But also to understand how your work and you as individuals have influenced and impacted one another, and the companies and the technologies that you’ve built. And finally, I’d love to hear from you to look ahead and to help us all see a bit more clearly what is to come, which you are in the best position to do.
So I’m so pleased to have you all with us today and looking forward to the discussion.
Personal Moments of Awakening
Madhumita Murgia: So I’m going to start going from the zooming out to the very personal.
# Yoshua Bengio’s Two Defining Moments
Yoshua Bengio: Thank you. Yes, with pleasure. I would go to two moments.
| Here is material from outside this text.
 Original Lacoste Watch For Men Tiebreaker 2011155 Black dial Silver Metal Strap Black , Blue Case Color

One, when I was a grad student and I was looking for something interesting to research on, and I read some of Jeff Hinton’s early papers, and I thought, “Wow, this is so exciting. Maybe there are a few simple principles like the laws of physics that could help us understand human intelligence and help us build intelligent machines.”
And then the second moment I want to talk about is two and a half years ago after ChatGPT came out, and I realized, “Uh-oh, what are we doing? What will happen if we build machines that understand language, have goals, and we don’t control those goals? What happens if they are smarter than us? What happens if people abuse that power?”
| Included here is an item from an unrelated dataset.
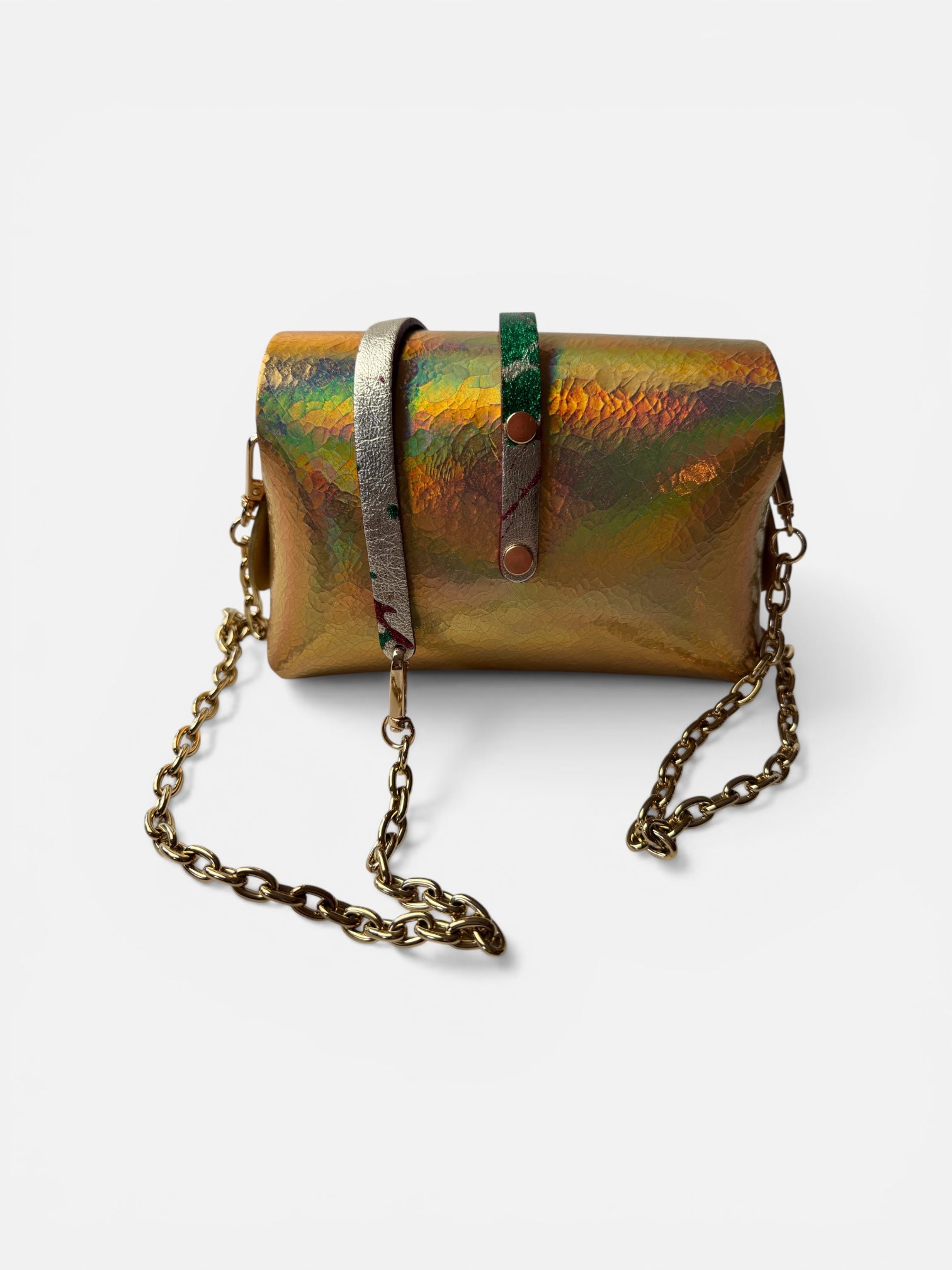 En cuir Italien, veau velours cuir irisé holographique , brillant , multicolore , reflet qui change avec la lumière et le soleil , languette chèvre lamine peinte à la main

So that’s why I decided to completely shift my research agenda and my career to try to do whatever I could about it.
Madhumita Murgia: That’s two kind of very diverting things, very interesting.
# Bill Dally on Building AI Infrastructure
Madhumita Murgia: Tell us about your moment of building the infrastructure that’s fueling what we have.
Bill Dally: I’ll give two moments as well. So the first was, in the late ’90s I was at Stanford trying to figure out how to overcome what was at the time called the memory wall. The fact that accessing data from memory is far more costly in energy and time than doing arithmetic on it.
And it sort of struck me to organize computations into these kernels connected by streams so you could do a lot of arithmetic without having to do very much memory access. And that basically led the way to what became called stream processing, ultimately GPU computing. And we originally built that thinking we could apply GPUs not just for graphics, but to general scientific computations.
So the second moment was I was having breakfast with my colleague Andrew Ng at Stanford. And at the time he was working at Google finding cats on the internet using sixteen thousand CPUs in this technology called neural networks, which they say had something to do with those. And he basically convinced me this is a great technology.
So I, with Brian Catanzaro, repeated the experiment on forty-eight GPUs at NVIDIA. And when I saw the results of that, I was absolutely convinced that this is what NVIDIA should be doing. We should be building our GPUs to do deep learning because this has huge applications in all sorts of fields beyond finding cats. And that was kind of a moment to really start working very hard on specializing the GPUs for deep learning and to make them more effective.
Madhumita Murgia: And when was that, what year?
Bill Dally: The breakfast was in 2010, and I think we repeated the experiment in 2011.
Madhumita Murgia: Okay.
# Geoffrey Hinton’s Early Language Model
Madhumita Murgia: Yeah. Geoff, tell us about your work.
Geoffrey Hinton: Very important moment was when I in about 1984, I tried using back propagation to learn the next word in a sequence of words. So it was a tiny language model and discovered it would learn interesting features for the meaning of the words.
So just giving it a string of symbols, it just by trying to predict the next word in a string of symbols, it could learn how to convert words into sets of features that capture the meaning of the word and have interactions between those features predict the features of the next word.
So that was actually a tiny language model from late 1984 that I think of as a precursor for these big language models. The basic principles were the same. It was just tiny. But it took forty training examples.
Madhumita Murgia: It took forty years to get us here, though.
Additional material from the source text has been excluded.